■ **Work request**
Word for word, copy the line containing "Задача 1. В" and every line after it in the records below, leaving pictures out.

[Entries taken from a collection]

========================================================================

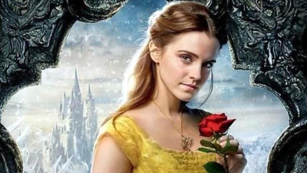 Dan Stevens, Emma Watson y Luke Evans aparecen caracterizados como La Bestia, Bella y Gastón, respectivamente
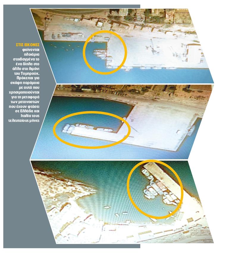 Στις φωτογραφίες των λιμενικών εγκαταστάσεων του Τομπρούκ είναι φανερές όλες οι φάσεις των προετοιμασιών που γίνονται για τον απόπλου των παράνομων μεταναστών με προορισμό την Ευρώπη. Οι εικόνες έχουν ληφθεί μέσα σε ένα διάστημα έξι ημερών, από τις 23 έως τις 28 Φεβρουαρίου.
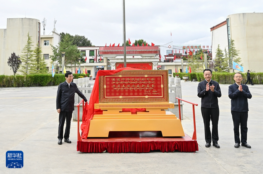 8月23日上午,受习近平总书记嘱托,带着党中央的亲切关怀和全国人民的深情祝福,中央代表团部分成员在日喀则看望慰问各族干部群众。这是王沪宁和中央代表团部分成员向日喀则市赠送贺匾。新华社记者 殷博古 摄
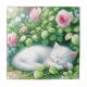 Gato branco doce dormindo debaixo de um cheio de rosas cor-de-rosa. Ai é feito em estilo aquarela.
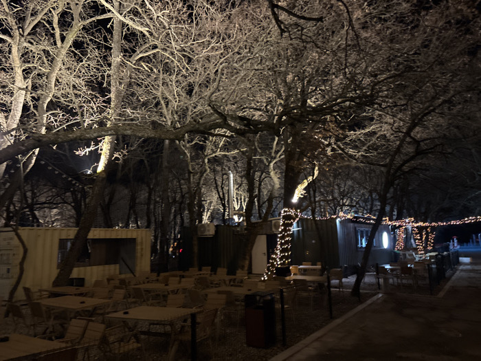 This nighttime scene depicts an outdoor recreational and dining area within a park-like setting in Haskovo, Bulgaria. The environment is dominated by numerous large, bare deciduous trees, illuminated from below by artificial lights highlighting their trunks and branches against a dark sky. Several modified industrial shipping containers or similar structures are present, appearing to serve as permanent commercial establishments, possibly cafes or restaurants. One structure on the left features light-colored wood paneling and an open service window. Another, centrally located, is dark corrugated metal with a door and windows, heavily adorned with warm white string lights draped across its facade and extending into the surrounding trees. An extensive outdoor seating arrangement consists of numerous unoccupied wooden tables and matching chairs, arranged on what appears to be a gravel or paved surface. No individuals are visible within the frame. The area is brightly illuminated by various artificial light sources, including spotlights on trees and decorative string lights, suggesting an active or recently active commercial zone during winter months. A paved pathway runs along the right side of the seating area, and a red and black refuse bin is partially visible in the lower left foreground.
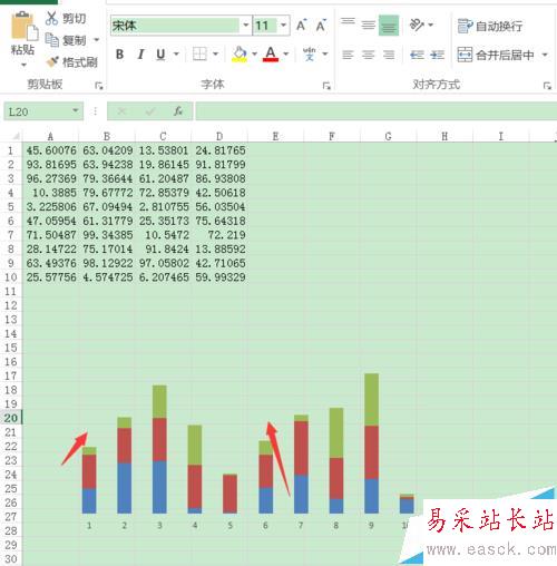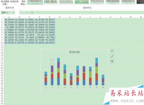 2、然后創建一個堆積圓柱圖。
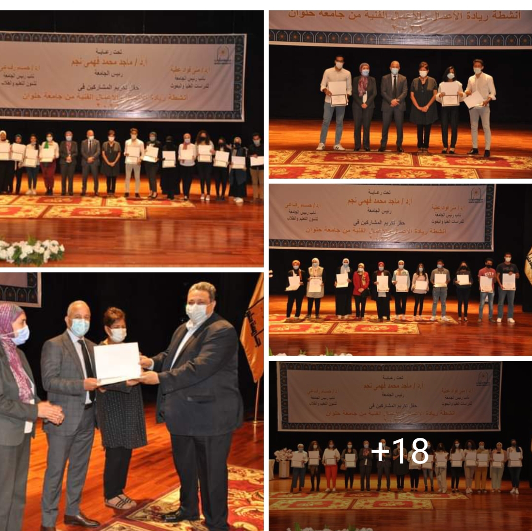 وفي خلال الاحتفالية كرم الأستاذ الدكتور ماجد نجم بعض السادة عمداء الكليات تقديرا لجهودهم فى حثهم الطلاب على المشاركة المجتمعية و خدمة الوطن و الإسهام فى إعلاء مكانة جامعة حلوان، وهم الأستاذة الدكتورة ميسون قطب عميد كلية الفنون التطبيقية، والأستاذ الدكتور محمود حامد عميد كلية التربية الفنية، والأستاذ الدكتور سيد قنديل عميد كلية الفنون الجميلة، والأستاذ الدكتور عماد أبو الدهب عميد كلية العلوم، والأستاذة الدكتورة أماني فاخر القائم بعمل عميد كلية التجارة و إدارة الأعمال.
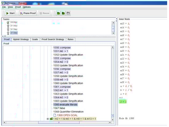 Then, we run KeYmaera to verify this property, and it gives the result “2 = 1” in the Inner Node part of this tool, which is shown in Figure 5. This means that supplier is selected which indicates that the model violates the property.
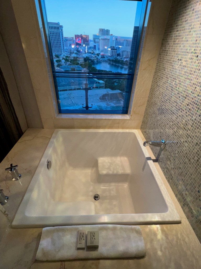 As with all things last Las Vegas, the view was much better at night. There is nothing like the viewing the Bellagio fountains of the comfort of your suite enjoying your favourite champagne.
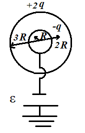 Задача 1. В системе, состоящей из двух концентрических проводящих сфер радиусом R и 3R (рис.), внутренняя сфера соединена с землей через источник с ЭДС ε. Заряд внешней сферы +2q. На расстоянии 2R от центра системы находится точечный заряд –q. Зная величины q, ε, R, определите заряд внутренней сферы. Потенциал земли принять равным нулю.
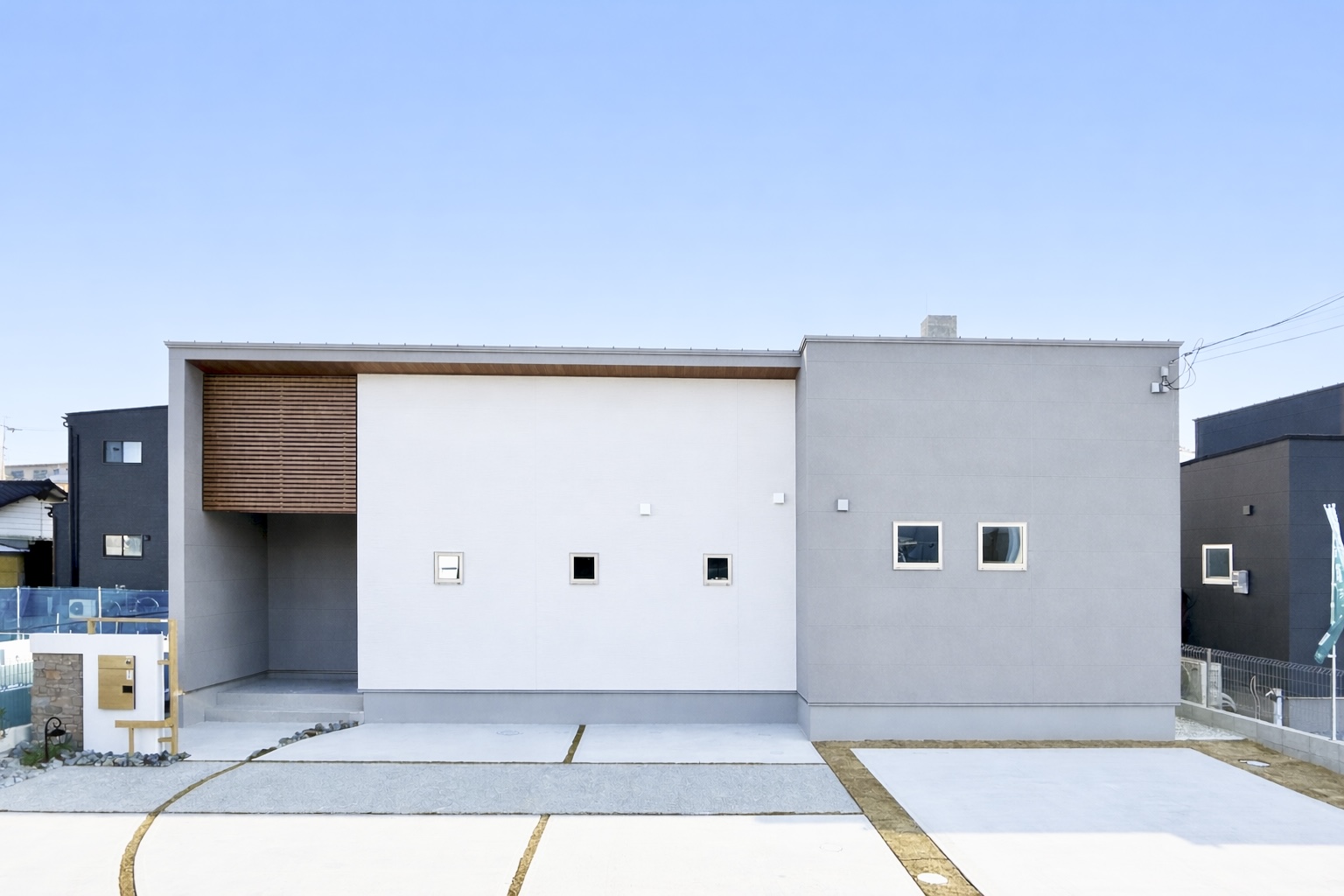 メインの外壁は駅前工務店オリジナルカラー!!絶妙なグレージュがアースな雰囲気です。広めの玄関ポーチの上には木調の格子があり、おしゃれを演出します♪玄関を抜けるとリビングの勾配天井&大きな掃き出し窓で開放感たっぷり!2間幅のテラスドアを採用。リビングのカフェ風スタディコーナーには、内窓をつけて、くつろぎの空間に♡アクセントクロスは落ち着いた茶色ベース!木やグレージュのクロスを使用した、温かみのあるモダンな印象の平屋です。

========================================================================

■ **Answer area**
 Задача 1. В системе, состоящей из двух концентрических проводящих сфер радиусом R и 3R (рис.), внутренняя сфера соединена с землей через источник с ЭДС ε. Заряд внешней сферы +2q. На расстоянии 2R от центра системы находится точечный заряд –q. Зная величины q, ε, R, определите заряд внутренней сферы. Потенциал земли принять равным нулю.
 メインの外壁は駅前工務店オリジナルカラー!!絶妙なグレージュがアースな雰囲気です。広めの玄関ポーチの上には木調の格子があり、おしゃれを演出します♪玄関を抜けるとリビングの勾配天井&大きな掃き出し窓で開放感たっぷり!2間幅のテラスドアを採用。リビングのカフェ風スタディコーナーには、内窓をつけて、くつろぎの空間に♡アクセントクロスは落ち着いた茶色ベース!木やグレージュのクロスを使用した、温かみのあるモダンな印象の平屋です。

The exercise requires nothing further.